# ColPali-BAML Quick Start Guide

This notebook demonstrates the ColPali-BAML vision processing pipeline for document analysis and structured data extraction.

In [None]:
import os
import sys
from pathlib import Path

# Add the package to Python path
sys.path.insert(0, '/app')

# Import ColPali engine components
from tatforge.core.pipeline import DocumentProcessingPipeline
from tatforge.core.document_adapter import PDFAdapter
from tatforge.vision.colpali_client import ColPaliClient
from tatforge.storage.qdrant_client import QdrantClient

print("ColPali-BAML imports successful!")

## 1. Initialize the Processing Pipeline

Set up the main document processing pipeline with all components.

In [None]:
# Initialize pipeline components
pipeline = DocumentProcessingPipeline()
pdf_adapter = PDFAdapter()
colpali_client = ColPaliClient()
qdrant_client = QdrantClient()

print("Pipeline components initialized!")

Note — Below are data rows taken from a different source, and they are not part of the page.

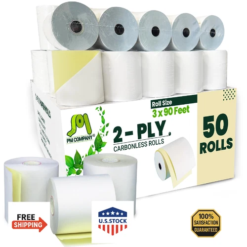 PM Company 2 Ply POS/Cash Register Rolls, 3 Inches X 90 Feet, White/Canary, 50 p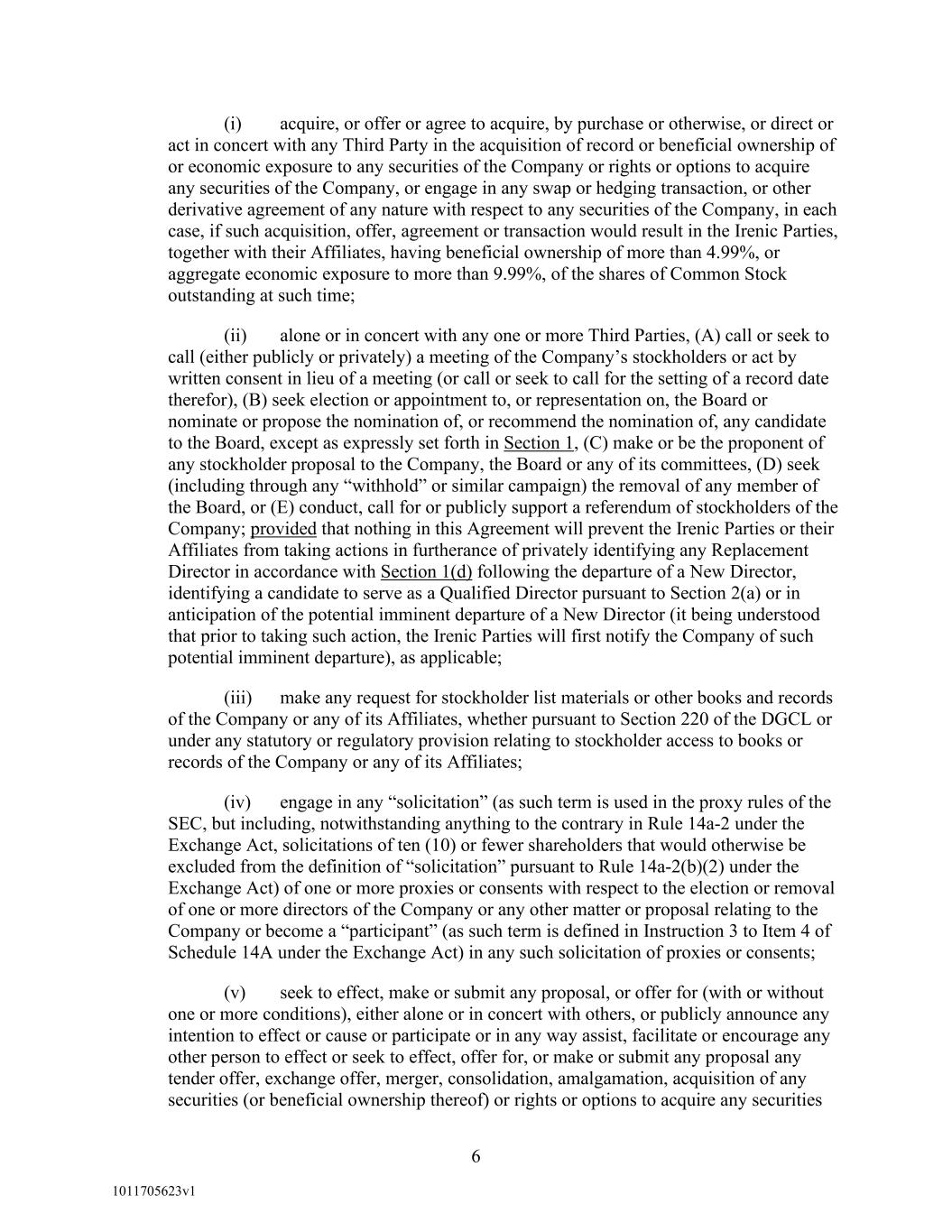 6 1011705623v1 (i) acquire, or offer or agree to acquire, by purchase or otherwise, or direct or act in concert with any Third Party in the acquisition of record or beneficial ownership of or economic exposure to any securities of the Company or rights or options to acquire any securities of the Company, or engage in any swap or hedging transaction, or other derivative agreement of any nature with respect to any securities of the Company, in each case, if such acquisition, offer, agreement or transaction would result in the Irenic Parties, together with their Affiliates, having beneficial ownership of more than 4.99%, or aggregate economic exposure to more than 9.99%, of the shares of Common Stock outstanding at such time; (ii) alone or in concert with any one or more Third Parties, (A) call or seek to call (either publicly or privately) a meeting of the Company’s stockholders or act by written consent in lieu of a meeting (or call or seek to call for the setting of a record date therefor), (B) seek election or appointment to, or representation on, the Board or nominate or propose the nomination of, or recommend the nomination of, any candidate to the Board, except as expressly set forth in Section 1, (C) make or be the proponent of any stockholder proposal to the Company, the Board or any of its committees, (D) seek (including through any “withhold” or similar campaign) the removal of any member of the Board, or (E) conduct, call for or publicly support a referendum of stockholders of the Company; provided that nothing in this Agreement will prevent the Irenic Parties or their Affiliates from taking actions in furtherance of privately identifying any Replacement Director in accordance with Section 1(d) following the departure of a New Director, identifying a candidate to serve as a Qualified Director pursuant to Section 2(a) or in anticipation of the potential imminent departure of a New Director (it being understood that prior to taking such action, the Irenic Parties will first notify the Company of such potential imminent departure), as applicable; (iii) make any request for stockholder list materials or other books and records of the Company or any of its Affiliates, whether pursuant to Section 220 of the DGCL or under any statutory or regulatory provision relating to stockholder access to books or records of the Company or any of its Affiliates; (iv) engage in any “solicitation” (as such term is used in the proxy rules of the SEC, but including, notwithstanding anything to the contrary in Rule 14a-2 under the Exchange Act, solicitations of ten (10) or fewer shareholders that would otherwise be excluded from the definition of “solicitation” pursuant to Rule 14a-2(b)(2) under the Exchange Act) of one or more proxies or consents with respect to the election or removal of one or more directors of the Company or any other matter or proposal relating to the Company or become a “participant” (as such term is defined in Instruction 3 to Item 4 of Schedule 14A under the Exchange Act) in any such solicitation of proxies or consents; (v) seek to effect, make or submit any proposal, or offer for (with or without one or more conditions), either alone or in concert with others, or publicly announce any intention to effect or cause or participate or in any way assist, facilitate or encourage any other person to effect or seek to effect, offer for, or make or submit any proposal any tender offer, exchange offer, merger, consolidation, amalgamation, acquisition of any securities (or beneficial ownership thereof) or rights or options to acquire any securities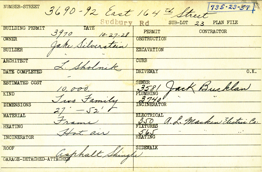 3690 Sudbury Road Shaker Heights, OH 44120 PARCEL ID: 735-23-057 Building Permit Date: 10-27-1928 Neighborhood: Moreland Owner: Silverstein, Jake Builder: Silverstein, Jake Architect: Skolnik, Louis Estimated Cost: 10000 Kind: Duplex or Two-Family Material: Frame Heating: Hot Air Roof: Asphalt Shingles Blueprints: no blueprints on microfilm |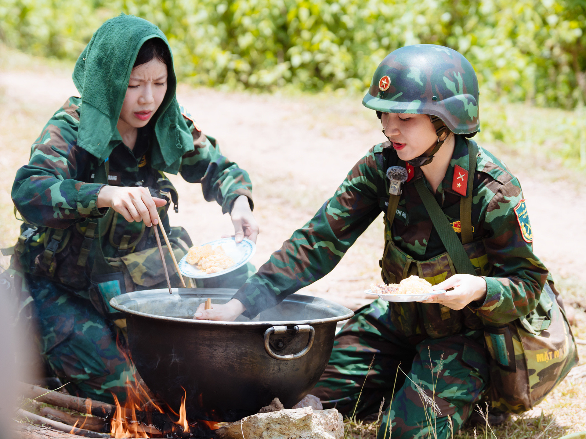 Sau buổi hành quân, các nghệ sĩ chuẩn bị bữa trưa cho gần 30 người bằng bếp dã chiến. Diễn viên Huỳnh Anh là bếp trưởng, cùng các đồng nghiệp chia nhau việc thái rau, rửa nguyên liệu, nấu canh, rán trứng...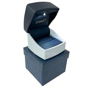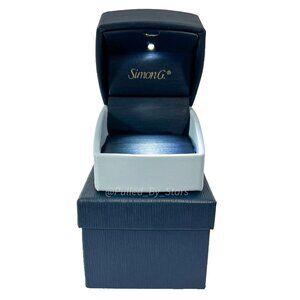 This beautiful, contemporary ring presentation gift and/or storage box is a gray-ish and blue duel-tone with an allover smooth texture. The brand’s name "Simon G." is slightly embossed in gold on the front lid. Operates on a hinged mechanism. The interior ring slot is cushioned for extra protection for your jewelry. Comes in its own counterbox that is composed of blue, textured cardboard.

## 2. Process Sample Documents

Load and process one of the sample PDFs from the `/pdfs/` directory.

In [None]:
# List available test PDFs
pdf_dir = Path('/app/pdfs')
pdf_files = list(pdf_dir.glob('*.pdf'))

print(f"Found {len(pdf_files)} test PDFs:")
for i, pdf_file in enumerate(pdf_files[:5]):  # Show first 5
    print(f"  {i+1}. {pdf_file.name}")

## 3. Test BAML Integration

Test the BAML schema system and extraction capabilities.

In [None]:
# Test BAML integration
try:
    import baml_py as baml
    print(f"BAML version: {baml.__version__}")
    print("BAML integration successful!")
except ImportError as e:
    print(f"BAML import failed: {e}")